▸ **Problem**: Beneath this line are the data; copy exactly the part of them that opens with the line containing "2pcs Christmas Tote" and closes with the line containing "Based in the", and only that part.

▸ **Data for analysis**:
>>>>

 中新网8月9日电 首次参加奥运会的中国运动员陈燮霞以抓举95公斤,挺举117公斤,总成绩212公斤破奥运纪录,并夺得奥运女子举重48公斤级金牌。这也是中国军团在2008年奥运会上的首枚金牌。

<<<<
>>>>

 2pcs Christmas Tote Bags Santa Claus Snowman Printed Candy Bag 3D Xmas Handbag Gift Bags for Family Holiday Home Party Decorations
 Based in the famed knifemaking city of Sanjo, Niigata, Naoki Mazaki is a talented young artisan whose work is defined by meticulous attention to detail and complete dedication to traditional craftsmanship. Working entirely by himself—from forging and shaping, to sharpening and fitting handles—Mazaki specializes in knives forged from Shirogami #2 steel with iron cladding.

<<<<
>>>>

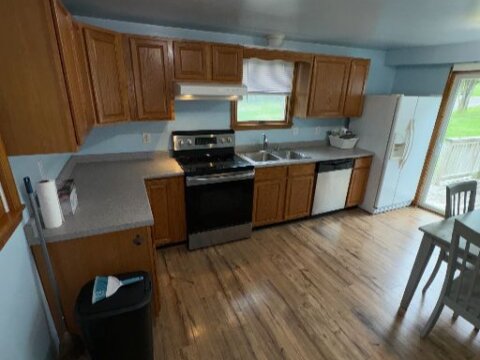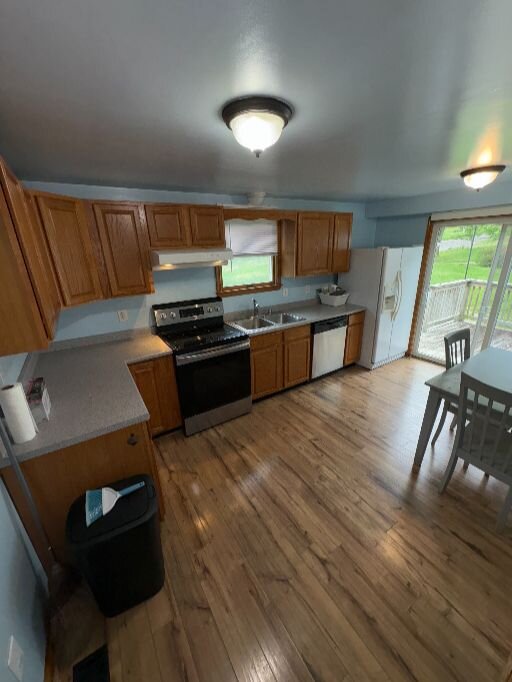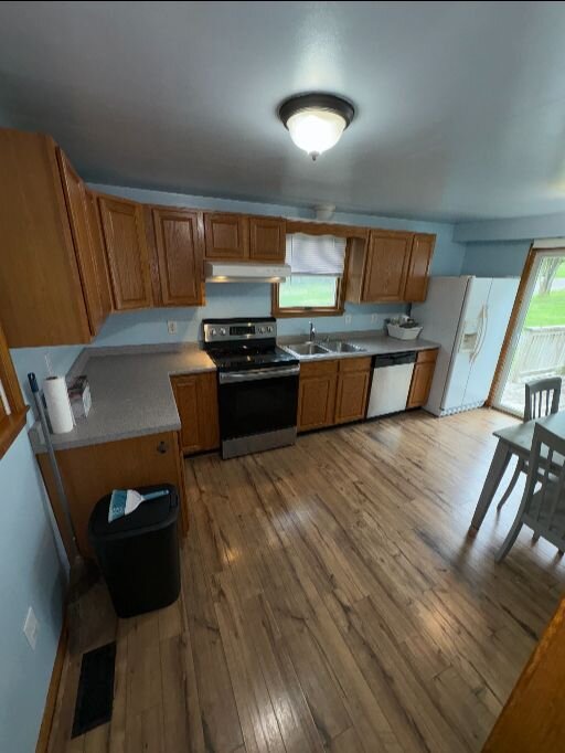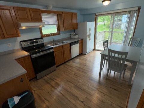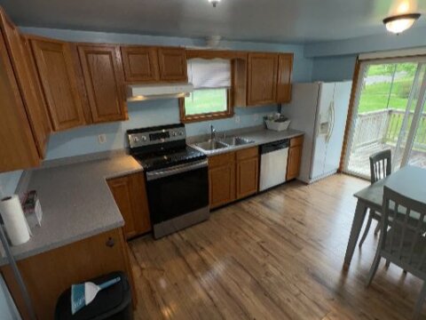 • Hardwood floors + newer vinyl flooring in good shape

<<<<

▸ **Answer to this problem**:
 2pcs Christmas Tote Bags Santa Claus Snowman Printed Candy Bag 3D Xmas Handbag Gift Bags for Family Holiday Home Party Decorations
 Based in the famed knifemaking city of Sanjo, Niigata, Naoki Mazaki is a talented young artisan whose work is defined by meticulous attention to detail and complete dedication to traditional craftsmanship. Working entirely by himself—from forging and shaping, to sharpening and fitting handles—Mazaki specializes in knives forged from Shirogami #2 steel with iron cladding.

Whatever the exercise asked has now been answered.